The sector is still very much over-regulated and bureaucratic. Distribution and storage are hampered by the sheer size of the country and its high humidity.

Research and development funds account for less than 1 percent of the total budget allocated by Indonesian pharmaceutical firms.

Under the AFTA scheme, the flows of pharmaceutical products within the region will be freed from tariff and non-tariff barriers. The total foreign investment in the pharmaceutical sectors among ASEAN countries, except for Singapore, has achieved of between $2 billion and $2.3 billion over the past 10 years.

Legislators are now saying that selling national assets in such an unfavorable investment climate is a bad move and are pressing the government to cancel the privatization program until at least after the 2004 elections. They are calling for a special law on privatization and the sale of state assets.

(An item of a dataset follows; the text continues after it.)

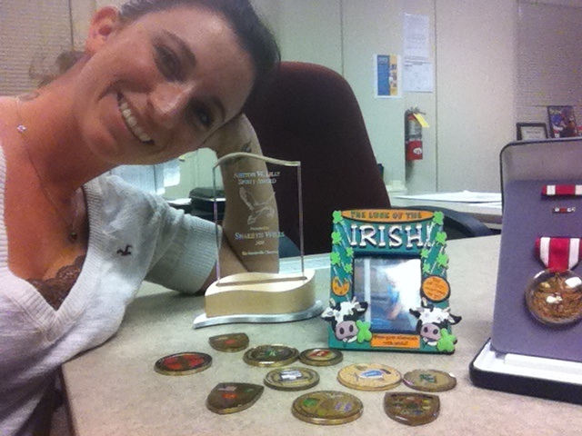 Please pardon the quality of the image, again it's from my iPhone. My 13 things? My job accomplishments. Numerous military coins from VIPs ranging from first sergeants to 3 star generals in the Army. I also received a medal for winning the Army Reserve journalism/photography competition. I also was given the highest award my first year working with Fayetteville Publishing. And of course, my biggest accomplishment, my son. You can't see the pic of him very well, but he's in the Irish frame. I met my husband in the Army, got pregnant in the Army, and am still in the Army as well as work with the Army, so I consider him a job accomplishment. Being a mom is a 24/7, round the clock job. And I wouldn't have it any other way.

Minister of Health Achmad Suyudi is revamping the national health system, virtually unchanged since 1984, thus helping to provide improved quality and affordability to health services for all levels of society,

Regional autonomy and a paradigm shift in health development have increased the pressure on the government to shift to a bottom-up scheme, which would involve the participation of the buying (and voting) public and move nearer to the day when all Indonesians can expect basic health care as one of their rights. All this costs a great deal of money, and any paradigm that puts the health-care budget in a category of investment for the future, rather than a drag on the state budget, will be a long time coming.

The bottom line, succinctly put by Anthony Sunarjo, is that "as long as the people have to pay their health care alone, without a credible insurance scheme or without the elimination of value added tax on the drugs, any price is expensive".